In the real world almost all dielectrics exhibit
specular highlights (except those with extremely
rough surfaces or a low Fresnel reflectance at
normal incidence, like chalk), while metals exhibit
only specular reflection and no diffuse contribution.
Thus, it's important to develop algorithms focused
on removing specular highlights from textured
surfaces.
The algorithm presented in this article improves
on an existing algorithm by Tan and Ikeuchi [1], by
adapting their method to run on a modern GPU.

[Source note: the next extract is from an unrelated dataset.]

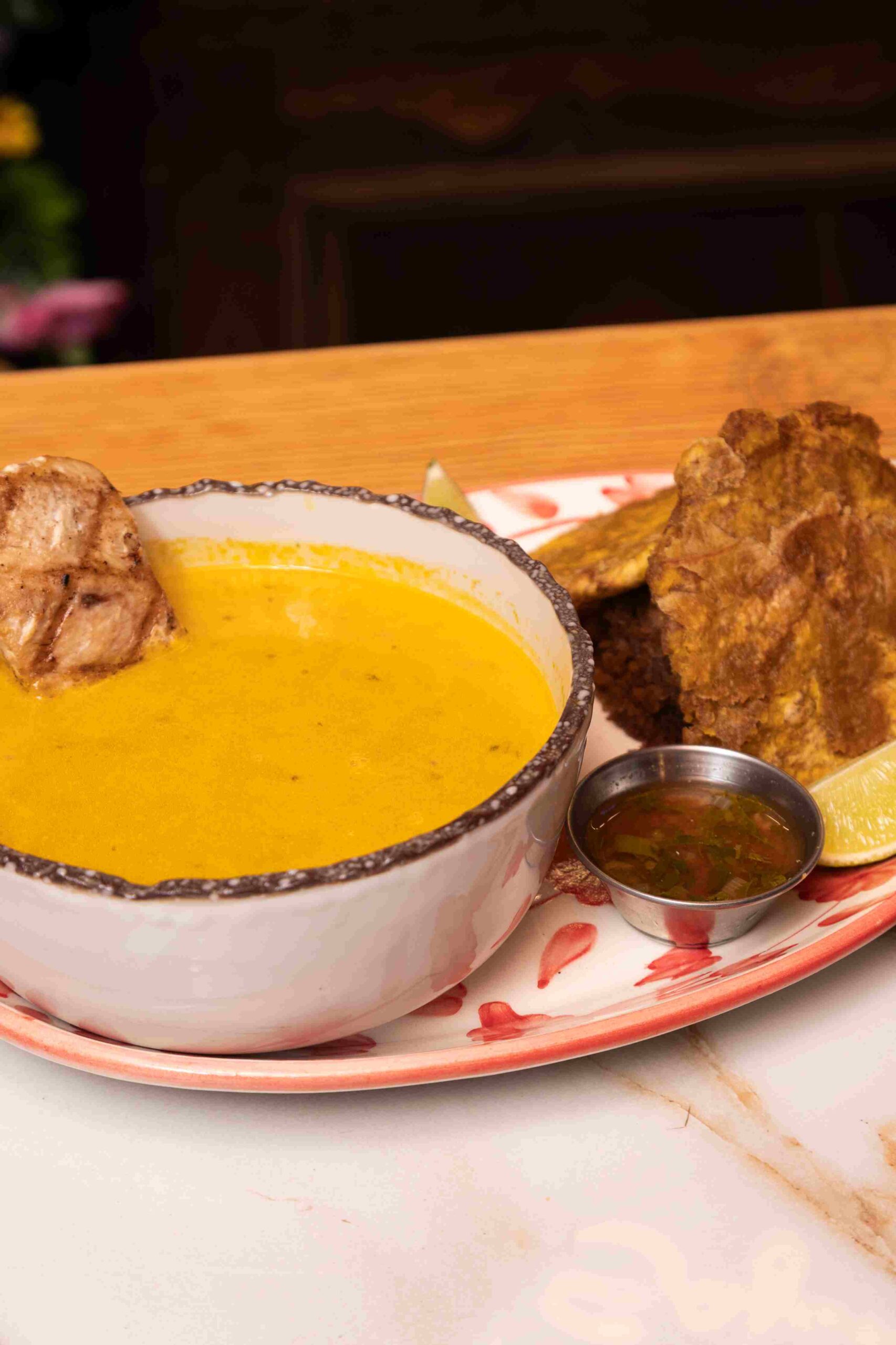 Sancocho de bagre estilo caribeño, con camarones, acompañado de arroz de coco y patacones.

This is done using the newest features of the
DirectX11 API, allowing for random read and write
access from and to buffers containing various types
of data.
2
Related Work
In computer graphics certain models are used to
approximate the intensity distribution of lighting
components. Diffuse reflections approximately
follow Lambert's Law [2], their intensity is
determined by the angle between the surface normal
at a point and the vector from the light source.

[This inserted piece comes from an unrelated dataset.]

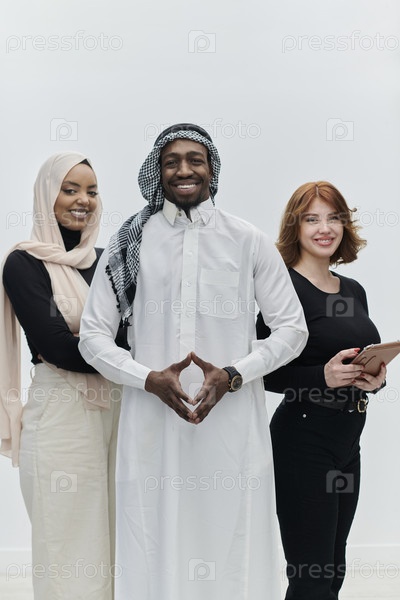 Арабский бизнесмен уверенно стоит рядом с двумя деловыми женщинами, изображая уравновешенную и разнообразную команду, олицетворяющую амбиции, инновации и дальновидное лидерство на первозданном белом фоне

Specular reflections can be modeled based on a
micro-facet model, such as the Torrance-Sparrow
model [3], which considers surfaces as consisting of
tiny perfect reflectors, averaging their normals using
a normal distribution function.
There are many existing algorithms based on
reflectance, models that separate reflection
components, but most of them require additional
images besides the original one (ex: [6]). This is
because the general case of retrieving two intrinsic
images from a single one is ill posed, meaning that
we have two unknowns and a single equation. The
ability to reconstruct those two images is more or
less the result of an estimation process, but the
helping hand comes from the fact that a color image
contains not a single channel, but three different
color channels. Physical properties of the color
components for the specular light are different than
those of the diffuse light. Two examples are color
and polarization: the reflected light is very
polarized, meaning that it can be filtered with a
polarizing filter. This technique is used to test the
effectiveness of software based solutions. And the
most important part for us, the specular light
bounces off the surface as soon as it touches it,
meaning that it doesn’t diffuse through the object to
be affected by the object’s color. Thus, the specular
reflection has the color of the light source, while the
diffuse light, that penetrated the object deeper and
got scattered by it, has a mixture of the light source
color and the object’s color.
In their paper [1], Tan and Ikeuchi introduced an
algorithm based on Shafer's dichromatic reflection
model (model explained here: [4]). They used a
single input image, normalized the illumination
color using its chromaticity, thus obtaining an image
with a pure white specular component. By shifting
the intensity and maximum chromaticities of pixels
non-linearly, while retaining their hue a specularfree image was generated. This specular-free image
has diffuse geometry identical to the normalized
input image, but the surface colors are different. In
order to verify if a pixel is diffuse, they used
intensity logarithmic differentiation on both the
normalized image and the specular-free image. This
diffuse-pixel check is used as a termination
condition inside an iterative algorithm that removes
specular components step by step until no specular
reflections exist in the image. These processes are
done locally, by sampling a maximum of only two
neighboring pixels.
Most of the presented methods can’t be used in
real-time. There are however implementations that
process an image in less than a second, ex: [5]. The
algorithm we chose to implement also has the
drawback of being to slow.
3
GPU Processing Overview
In the past years, processing on the GPU has started
to become widely adopted. This is because the GPU
has a very different architecture from the CPU, one
that is very suited for processing images. Image
processing usually means applying the same
identical operations over the entire surface of the
image: on every pixel or on multiple local regions,
overlapped or tiled.
Modern GPUs have multiple Processing Units
(SIMD Cores), the equivalent of a CPU core. Each
Processing unit contains multiple Processing
elements (Shader Cores). Each shader core can work
on vectors of multiple elements. Quantitative, the
total number of theoretical operations that can be
done in a cycle is in the order of thousands, where
on a modern PC CPU it is around 4.
Another advantage is memory speed. Even
though accessing GPU RAM takes orders of
magnitude more than accessing the GPU Cache
(similarly on the CPU), the GPU takes advantage of
its possibility to run millions of threads seemingly in
parallel. When a group of threads is waiting for a
response from the slower memory, with very little
overhead, a new group of threads is started. This is
like processing a 36x36 tile, and while we are
waiting for the data to come, we start a new tile in
the same processors and put the old threads on wait.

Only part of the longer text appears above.